Score for Anchor Paper #1: Rubric Score 1

Annotation: This response indicates little application of a reasonable strategy. The representation in the form of an inequality is correct (y+x≤60). The student provides no response to the second or third parts of the question. This response demonstrates a minimal understanding and analysis of the problem.

Score for Anchor Paper #2: Rubric Score 1

Annotation: This response indicates little application of a reasonable strategy. The representation in the form of an equation, rather than an inequality, is relevant (x+y=60). The student provides no response to the second part of the question. Both the cost of lunch ($15.00) and the cost of dinner ($45.00) are correct. However, explanations are not provided. This response demonstrates a minimal understanding and analysis of the problem.

Score for Anchor Paper #3: Rubric Score 2

Annotation: This response indicates application of an incomplete strategy. The representation in the form of an inequality is correct (x+y≤60). While the student assigns the axes on the grid as x and y, the inequality is not graphed. Both the cost of lunch ($15.00) and the cost of dinner ($45.00) are correct. The explanation supports the solution (dividing 60 by 3, subtracting 5, recieving in answer of 15, multiplying 15 by 4, checking my answer to make sure it was correct. Then I multiplied 15x3 and got 45 then adding 45+15 and got $60; 45/3 is 15). This response demonstrates a conceptual understanding and analysis of the problem.

Score for Anchor Paper #4: Rubric Score 2

Annotation: This response indicates application of an incomplete strategy. The representation in the form of an inequality is correct (x+y≤60). Although the student assigned scales and labels on the grid, the inequality is not graphed. Both the cost of lunch ($15.00) and the cost of dinner ($45.00) are correct. The student provides a justification, rather than an explanation (I added 15 + 15 x 3 and got 60). This response demonstrates a conceptual understanding and analysis of the problem.

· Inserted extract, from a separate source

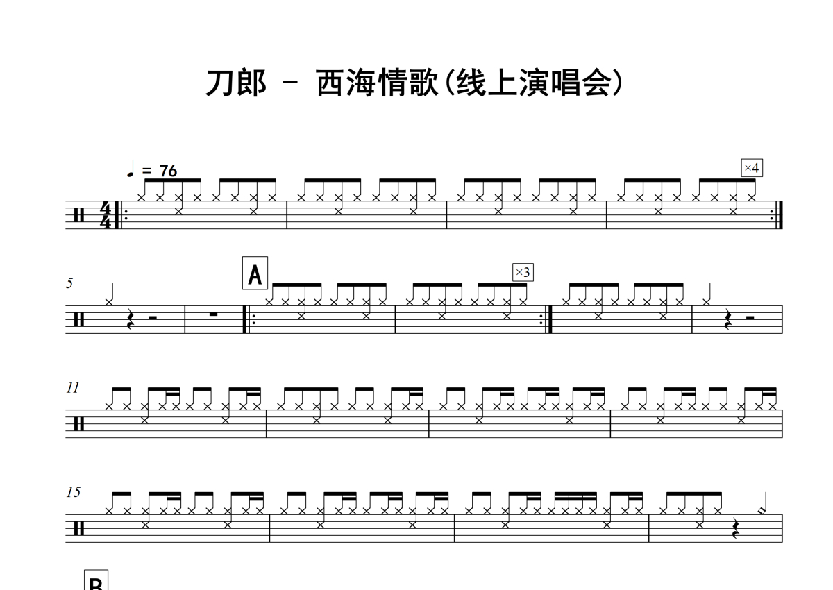 《西海情歌》是刀郎演唱的一首歌曲,线上演唱会,拍号为4/4拍,歌曲速度为每分钟76拍,这份架子鼓谱共有三张高清图谱,图谱由 @放晴的天空 编配上传,图谱使用五线谱编配,使用这份西海情歌架子鼓谱,你将能够轻松地敲打出这首刀郎的西海情歌,快来尝试吧。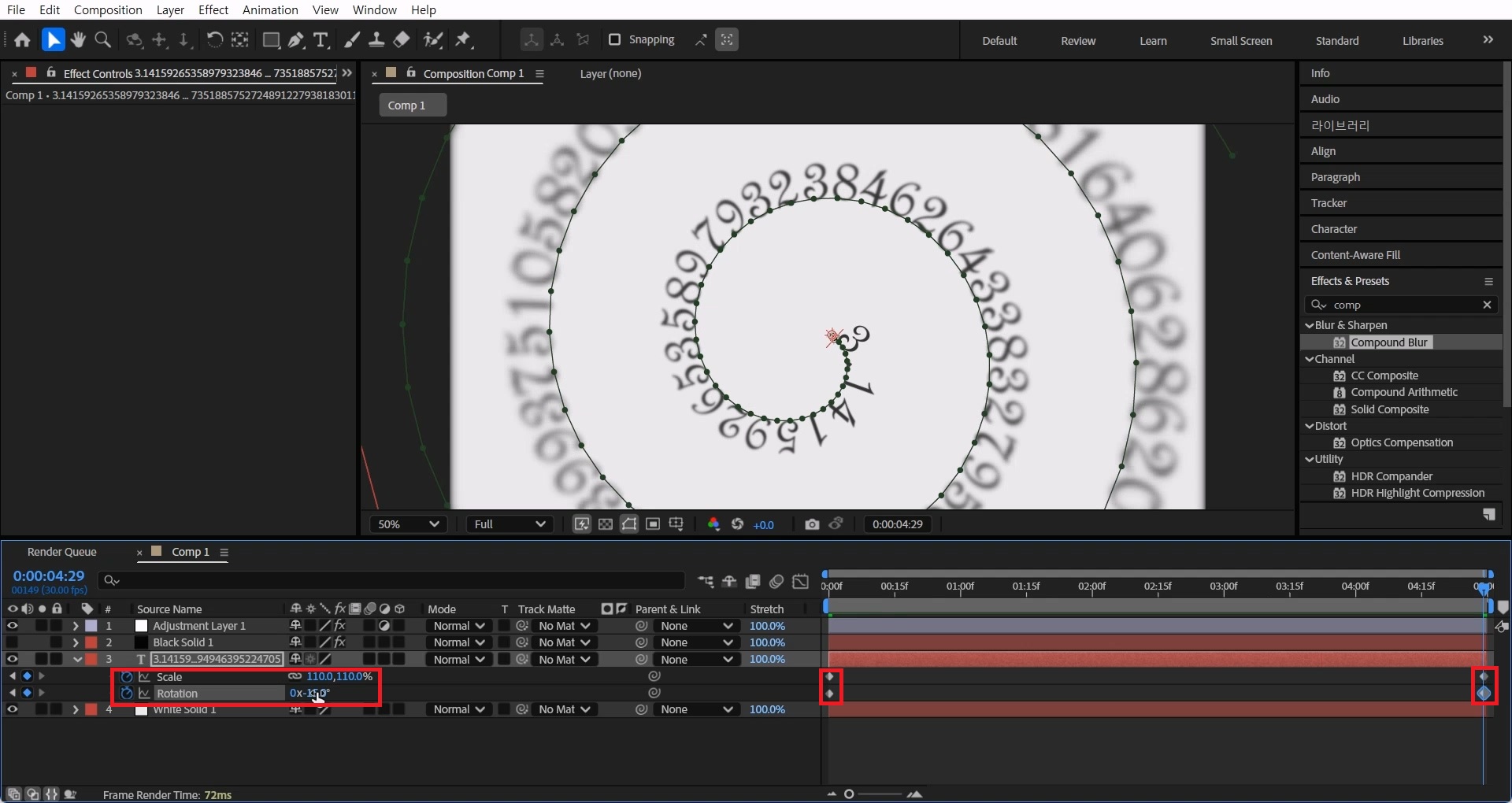 Effects & Presets 창에서 Compound Blur 검색해

Score for Anchor Paper #5: Rubric Score 3

Annotation: This response indicates application of a reasonable strategy that leads to some correct solutions. The representation in the form of an inequality has the symbol reversed (x+y≥60). The student’s graph, though missing labels, is generally well-constructed with correct scales, a solid line with correct intercepts and appropriate shading. Both the cost of lunch (15.00) and the cost of dinner (45.00) are correct. The explanation supports the solution (x+y=60; 3x=y; 3(15)=45). The student also justifies the solutions (so 15·3=45 and 45+15=60). This response demonstrates a clear understanding and analysis of the problem.

Score for Anchor Paper #6: Rubric Score 3

Annotation: This response indicates application of a reasonable strategy that leads to some correct solutions. The representation in the form of an inequality is correct (x+y≤$60). The student provides a generally well-constructed graph with correct scales and a solid line with correct intercepts; however, it is not shaded to indicate the inequality. Both the cost of lunch ($15.00) and the cost of dinner ($45.00) are correct. The explanation supports the solution (First I divided $60 by 4 which equal 15. Then I multiplied $15 times 3 because Ichiro spent 3 times as much on dinner). This response demonstrates a clear understanding and analysis of the problem.

Score for Anchor Paper #7: Rubric Score 4

Annotation: This response indicates application of a reasonable strategy that leads to a correct solution within the context of the problem. The representation in the form of an inequality is correct (x+y≤60). The student provides a well-constructed graph of the inequality with correct labels, scales, a solid line with correct intercepts and appropriate shading. Both the cost of lunch ($15.00) and the cost of dinner ($45.00) are correct. The explanation is clearly presented (I observed the “x” values of 0-20 because they are the only numbers that, multiplied by 3 are less than $60. Then I looked at each’s coresponding “y” value and 15’s was 45 which is 15 times 3). This response demonstrates a complete understanding and analysis of the problem.

Score for Anchor Paper #8: Rubric Score 4

Annotation: This response indicates application of a reasonable strategy that leads to a correct solution within the context of the problem. The representation in the form of an inequality is correct (x+y≤60). The student provides a well-constructed graph of the inequality with correct labels, scales, a solid line with correct intercepts and appropriate shading. Both the cost of lunch ($15.00) and the cost of dinner ($45.00) are correct. The explanation is fully developed (y=3x; x+3x=60; 4x=60; x=15; 15+y=60; y=45). This response demonstrates a complete understanding and analysis of the problem.